▸ **Task directions**
Within the listing that follows, reproduce exactly the lines starting at the line with "Küche mit Spülmaschine, Herd" and ending at the line with "दुर्ग 11 मार्च", inclusive, and only those. Pictures are dropped.

▸ **Source information**
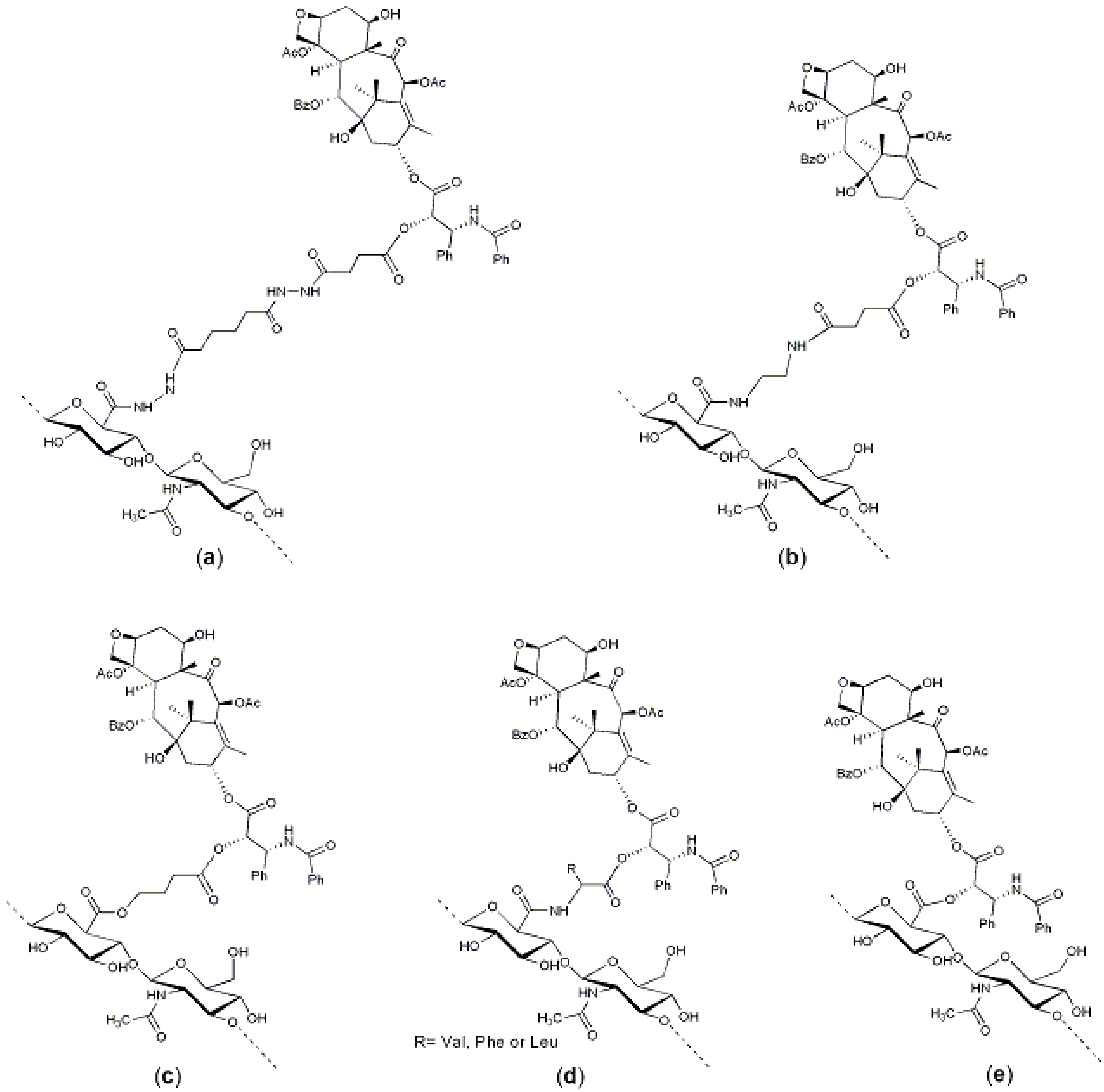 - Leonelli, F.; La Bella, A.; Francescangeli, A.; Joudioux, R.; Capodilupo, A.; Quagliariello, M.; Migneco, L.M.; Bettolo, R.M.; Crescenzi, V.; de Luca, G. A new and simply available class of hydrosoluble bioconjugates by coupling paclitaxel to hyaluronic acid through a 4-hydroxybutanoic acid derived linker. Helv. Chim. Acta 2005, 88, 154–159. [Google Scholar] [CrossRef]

---

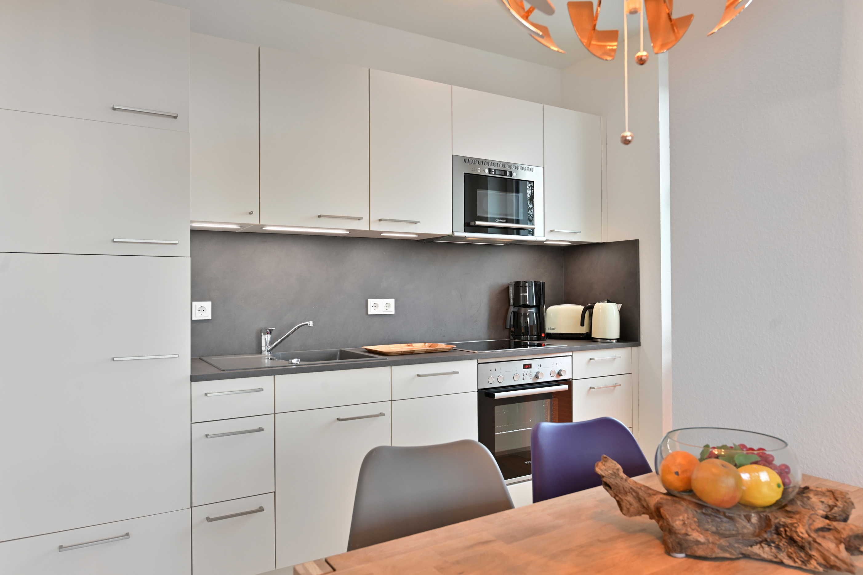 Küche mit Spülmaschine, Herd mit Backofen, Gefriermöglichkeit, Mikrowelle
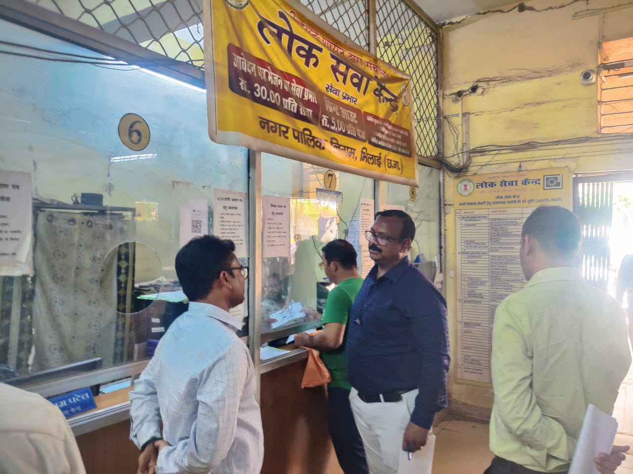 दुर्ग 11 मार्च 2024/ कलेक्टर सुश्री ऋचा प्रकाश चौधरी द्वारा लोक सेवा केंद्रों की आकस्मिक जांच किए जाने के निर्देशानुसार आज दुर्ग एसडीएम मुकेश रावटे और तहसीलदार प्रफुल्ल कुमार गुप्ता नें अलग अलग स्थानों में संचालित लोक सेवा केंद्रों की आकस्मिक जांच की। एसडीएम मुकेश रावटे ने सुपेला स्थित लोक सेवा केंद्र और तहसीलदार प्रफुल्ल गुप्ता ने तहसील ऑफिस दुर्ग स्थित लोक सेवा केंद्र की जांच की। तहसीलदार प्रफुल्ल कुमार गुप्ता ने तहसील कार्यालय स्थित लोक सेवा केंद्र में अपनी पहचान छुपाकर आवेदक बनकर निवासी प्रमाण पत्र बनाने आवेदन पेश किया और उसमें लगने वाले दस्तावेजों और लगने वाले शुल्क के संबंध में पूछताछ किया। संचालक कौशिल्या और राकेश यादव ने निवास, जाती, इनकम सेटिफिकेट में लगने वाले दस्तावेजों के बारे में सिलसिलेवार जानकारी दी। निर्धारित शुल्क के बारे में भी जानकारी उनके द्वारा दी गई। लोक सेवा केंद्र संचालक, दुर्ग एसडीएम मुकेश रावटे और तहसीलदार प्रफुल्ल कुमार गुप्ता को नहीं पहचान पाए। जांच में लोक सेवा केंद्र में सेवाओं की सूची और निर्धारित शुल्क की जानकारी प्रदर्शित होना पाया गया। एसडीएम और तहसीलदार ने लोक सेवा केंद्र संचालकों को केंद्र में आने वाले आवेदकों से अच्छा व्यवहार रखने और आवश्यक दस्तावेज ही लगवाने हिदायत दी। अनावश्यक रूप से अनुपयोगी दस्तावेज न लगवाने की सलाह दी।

▸ **Reply to the exercise**
 Küche mit Spülmaschine, Herd mit Backofen, Gefriermöglichkeit, Mikrowelle
 दुर्ग 11 मार्च 2024/ कलेक्टर सुश्री ऋचा प्रकाश चौधरी द्वारा लोक सेवा केंद्रों की आकस्मिक जांच किए जाने के निर्देशानुसार आज दुर्ग एसडीएम मुकेश रावटे और तहसीलदार प्रफुल्ल कुमार गुप्ता नें अलग अलग स्थानों में संचालित लोक सेवा केंद्रों की आकस्मिक जांच की। एसडीएम मुकेश रावटे ने सुपेला स्थित लोक सेवा केंद्र और तहसीलदार प्रफुल्ल गुप्ता ने तहसील ऑफिस दुर्ग स्थित लोक सेवा केंद्र की जांच की। तहसीलदार प्रफुल्ल कुमार गुप्ता ने तहसील कार्यालय स्थित लोक सेवा केंद्र में अपनी पहचान छुपाकर आवेदक बनकर निवासी प्रमाण पत्र बनाने आवेदन पेश किया और उसमें लगने वाले दस्तावेजों और लगने वाले शुल्क के संबंध में पूछताछ किया। संचालक कौशिल्या और राकेश यादव ने निवास, जाती, इनकम सेटिफिकेट में लगने वाले दस्तावेजों के बारे में सिलसिलेवार जानकारी दी। निर्धारित शुल्क के बारे में भी जानकारी उनके द्वारा दी गई। लोक सेवा केंद्र संचालक, दुर्ग एसडीएम मुकेश रावटे और तहसीलदार प्रफुल्ल कुमार गुप्ता को नहीं पहचान पाए। जांच में लोक सेवा केंद्र में सेवाओं की सूची और निर्धारित शुल्क की जानकारी प्रदर्शित होना पाया गया। एसडीएम और तहसीलदार ने लोक सेवा केंद्र संचालकों को केंद्र में आने वाले आवेदकों से अच्छा व्यवहार रखने और आवश्यक दस्तावेज ही लगवाने हिदायत दी। अनावश्यक रूप से अनुपयोगी दस्तावेज न लगवाने की सलाह दी।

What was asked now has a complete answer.